• _DATA SHOWN_
_ _ _ _
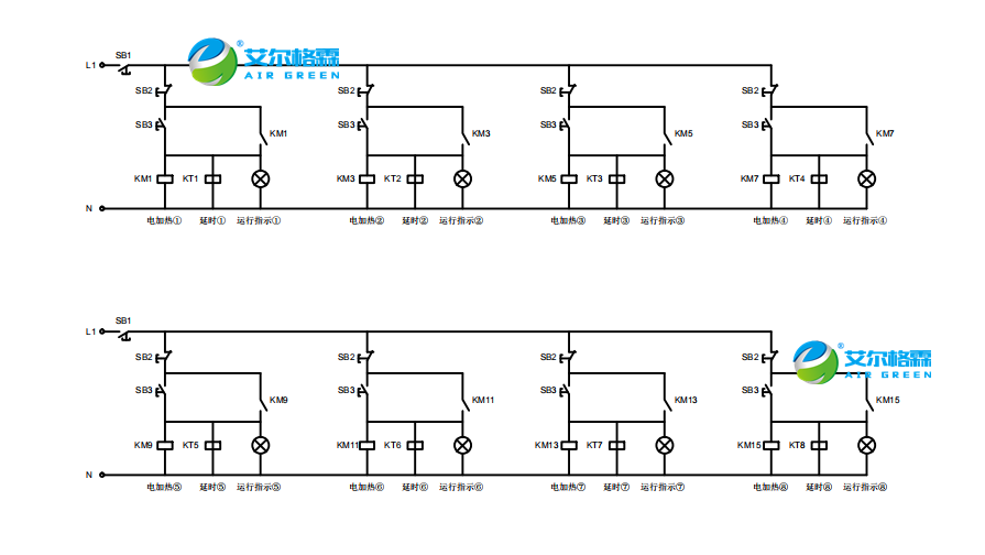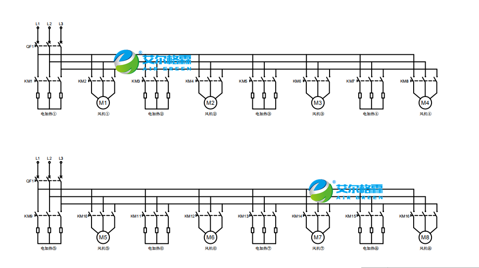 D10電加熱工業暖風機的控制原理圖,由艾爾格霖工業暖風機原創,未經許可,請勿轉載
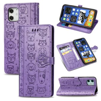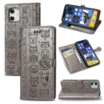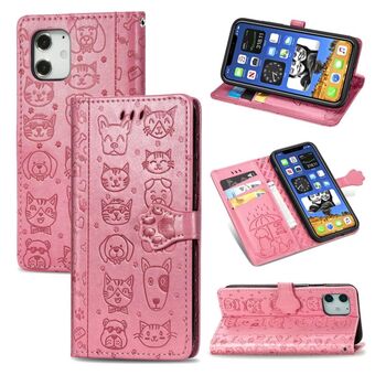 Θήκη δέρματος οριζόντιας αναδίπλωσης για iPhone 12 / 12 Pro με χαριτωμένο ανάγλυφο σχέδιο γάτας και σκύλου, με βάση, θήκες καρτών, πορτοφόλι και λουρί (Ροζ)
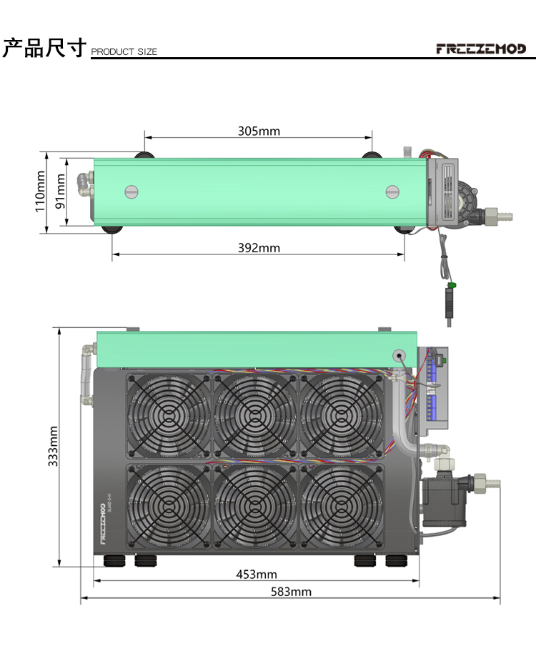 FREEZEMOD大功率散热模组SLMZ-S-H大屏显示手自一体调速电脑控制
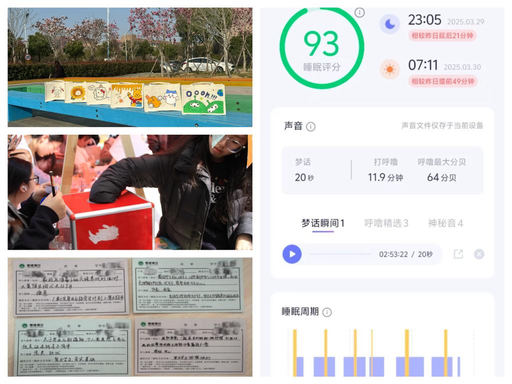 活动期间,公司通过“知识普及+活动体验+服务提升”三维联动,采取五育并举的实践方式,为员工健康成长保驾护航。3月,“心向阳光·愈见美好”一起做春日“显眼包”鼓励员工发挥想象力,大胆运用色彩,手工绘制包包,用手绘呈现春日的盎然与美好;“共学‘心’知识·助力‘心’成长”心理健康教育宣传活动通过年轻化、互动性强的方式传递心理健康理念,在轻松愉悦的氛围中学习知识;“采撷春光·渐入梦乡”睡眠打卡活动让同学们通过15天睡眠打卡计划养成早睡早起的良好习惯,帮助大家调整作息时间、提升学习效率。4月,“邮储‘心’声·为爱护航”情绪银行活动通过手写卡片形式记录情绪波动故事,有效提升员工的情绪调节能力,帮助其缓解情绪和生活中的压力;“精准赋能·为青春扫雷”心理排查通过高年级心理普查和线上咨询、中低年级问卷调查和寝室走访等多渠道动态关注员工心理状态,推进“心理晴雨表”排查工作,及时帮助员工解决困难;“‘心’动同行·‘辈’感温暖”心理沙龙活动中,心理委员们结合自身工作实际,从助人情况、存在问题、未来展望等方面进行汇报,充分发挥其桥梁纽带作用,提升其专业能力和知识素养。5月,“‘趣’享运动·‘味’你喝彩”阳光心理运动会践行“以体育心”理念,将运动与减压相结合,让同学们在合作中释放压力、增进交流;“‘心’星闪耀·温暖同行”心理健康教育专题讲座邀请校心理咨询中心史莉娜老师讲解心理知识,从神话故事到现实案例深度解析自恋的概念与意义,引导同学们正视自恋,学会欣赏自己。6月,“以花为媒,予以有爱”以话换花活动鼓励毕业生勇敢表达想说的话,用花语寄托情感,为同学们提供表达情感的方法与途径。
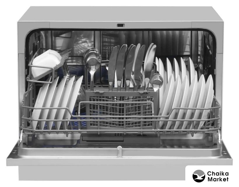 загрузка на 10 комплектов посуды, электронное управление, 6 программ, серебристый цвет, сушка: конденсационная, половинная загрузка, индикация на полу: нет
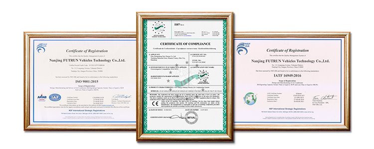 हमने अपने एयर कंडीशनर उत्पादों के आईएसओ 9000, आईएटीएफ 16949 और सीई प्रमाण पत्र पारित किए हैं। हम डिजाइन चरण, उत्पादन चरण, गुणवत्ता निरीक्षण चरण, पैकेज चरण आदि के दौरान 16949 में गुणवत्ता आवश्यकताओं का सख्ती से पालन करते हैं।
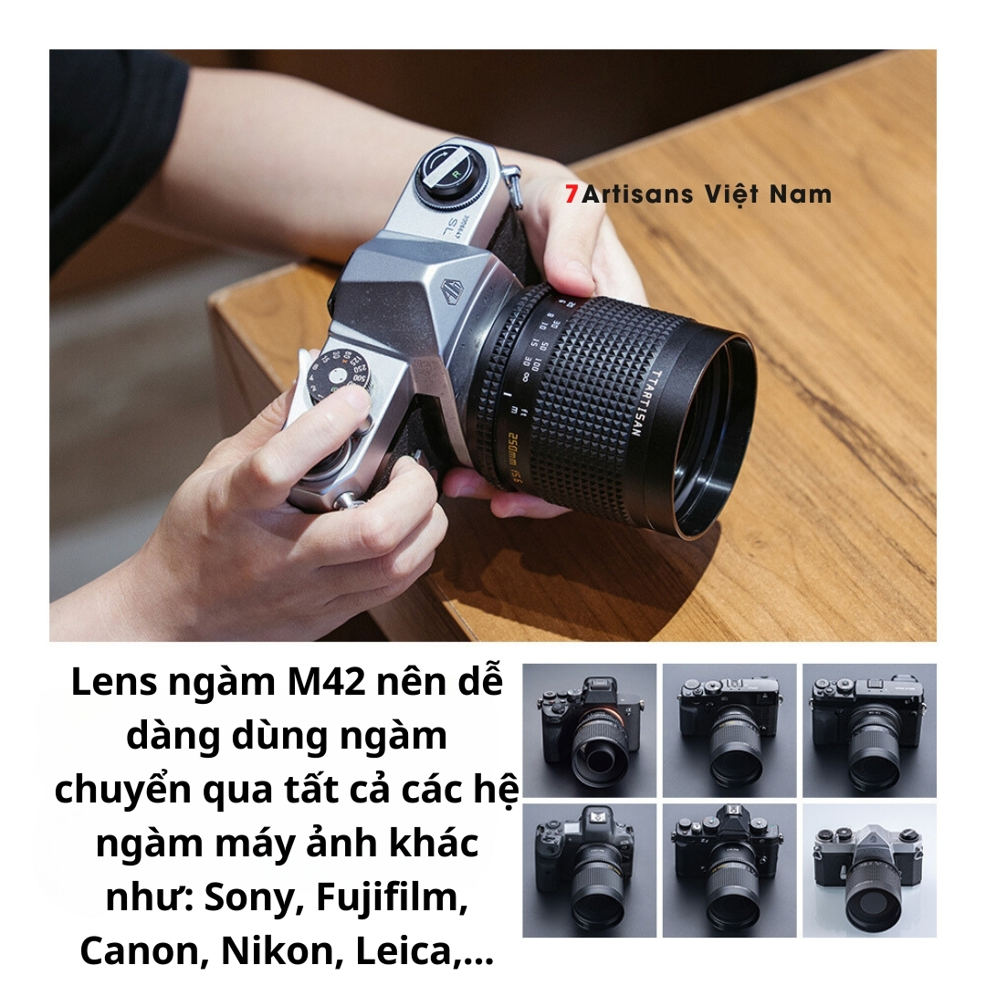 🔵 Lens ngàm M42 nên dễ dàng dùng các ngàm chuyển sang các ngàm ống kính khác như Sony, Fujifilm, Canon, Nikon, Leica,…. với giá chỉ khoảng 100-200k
_ _ _ _
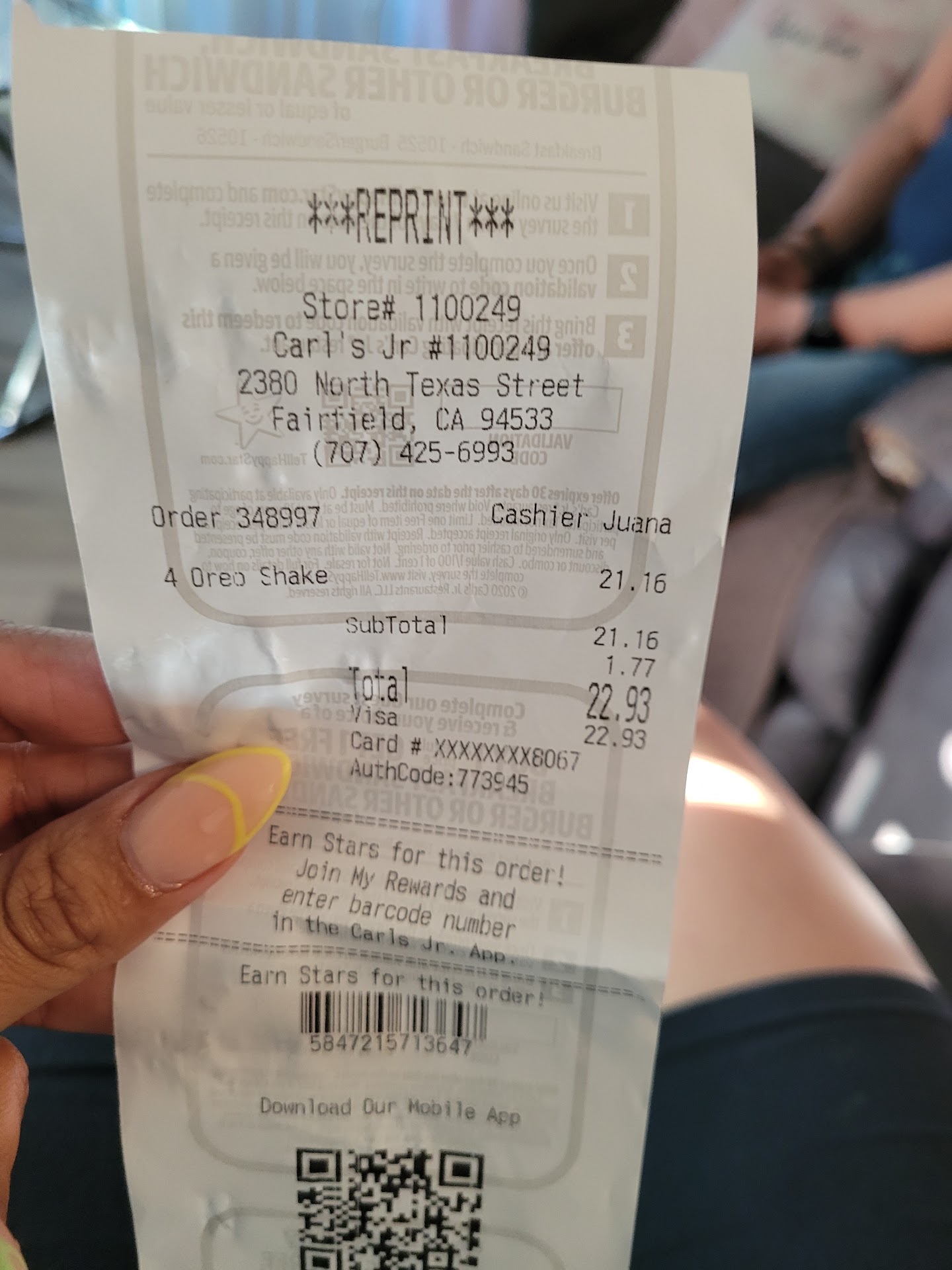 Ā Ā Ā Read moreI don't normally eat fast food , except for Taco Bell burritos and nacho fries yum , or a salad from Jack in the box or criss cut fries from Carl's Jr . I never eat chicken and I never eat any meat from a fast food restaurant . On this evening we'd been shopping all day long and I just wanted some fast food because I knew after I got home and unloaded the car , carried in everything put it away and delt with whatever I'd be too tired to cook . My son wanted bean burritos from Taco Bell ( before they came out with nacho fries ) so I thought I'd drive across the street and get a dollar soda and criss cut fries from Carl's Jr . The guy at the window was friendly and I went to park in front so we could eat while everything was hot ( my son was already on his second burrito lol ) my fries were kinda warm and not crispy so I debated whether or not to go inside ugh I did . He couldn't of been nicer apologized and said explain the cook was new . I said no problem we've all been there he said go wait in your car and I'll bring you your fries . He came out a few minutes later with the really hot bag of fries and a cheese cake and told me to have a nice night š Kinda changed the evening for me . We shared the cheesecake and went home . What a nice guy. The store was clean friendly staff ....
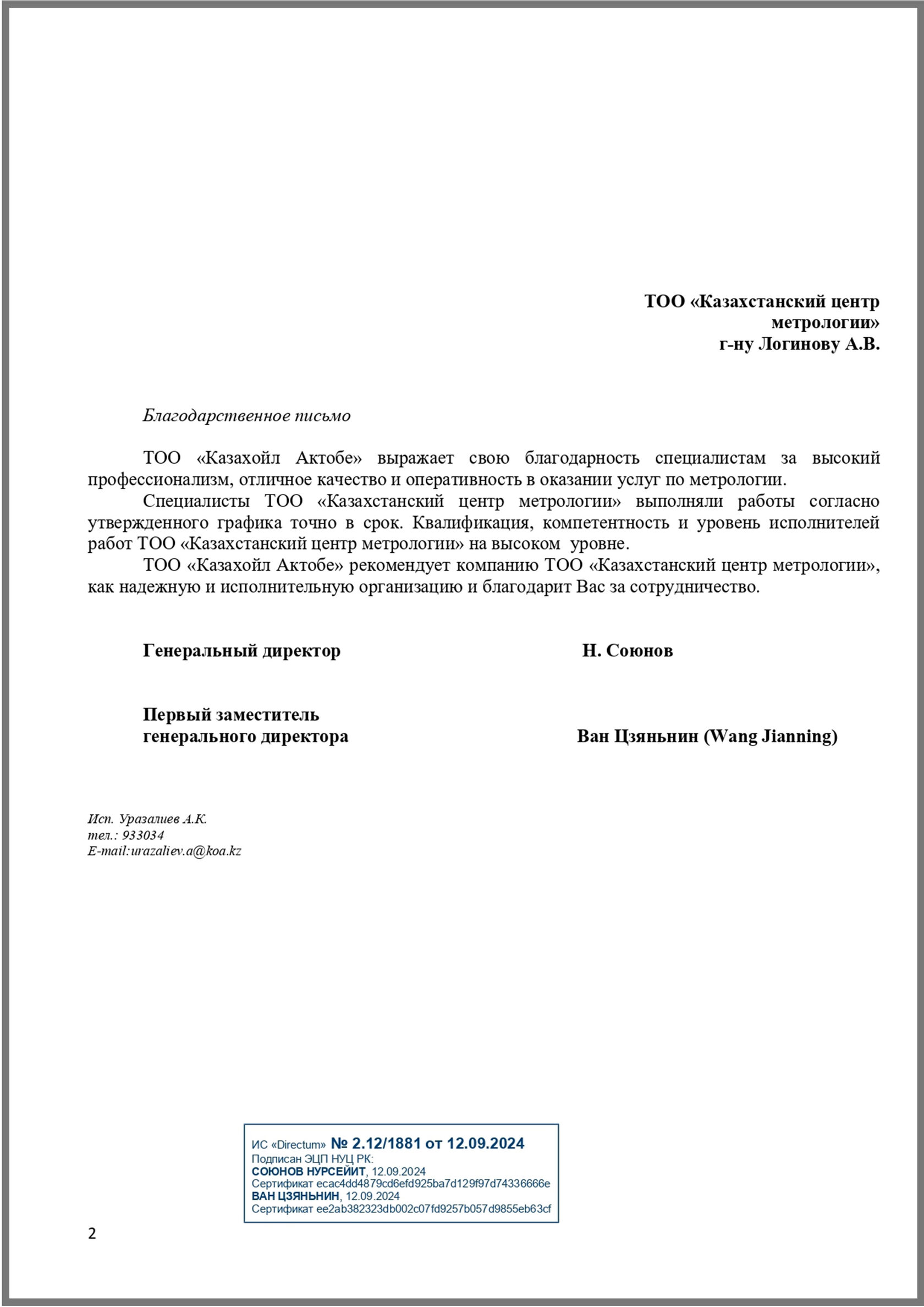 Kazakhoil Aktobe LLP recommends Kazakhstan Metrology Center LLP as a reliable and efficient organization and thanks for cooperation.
_ _ _ _
• _TO DO_
In the records above, find the line with "D10電加熱工業暖風機的控制" and the line with "FREEZEMOD大功率散热模组SLMZ-S-H大屏显示手自一体调速电脑控制". Write out exactly those lines and every one between, with no pictures and no other lines.

• _THE ANSWER_
 D10電加熱工業暖風機的控制原理圖,由艾爾格霖工業暖風機原創,未經許可,請勿轉載
 Θήκη δέρματος οριζόντιας αναδίπλωσης για iPhone 12 / 12 Pro με χαριτωμένο ανάγλυφο σχέδιο γάτας και σκύλου, με βάση, θήκες καρτών, πορτοφόλι και λουρί (Ροζ)
 FREEZEMOD大功率散热模组SLMZ-S-H大屏显示手自一体调速电脑控制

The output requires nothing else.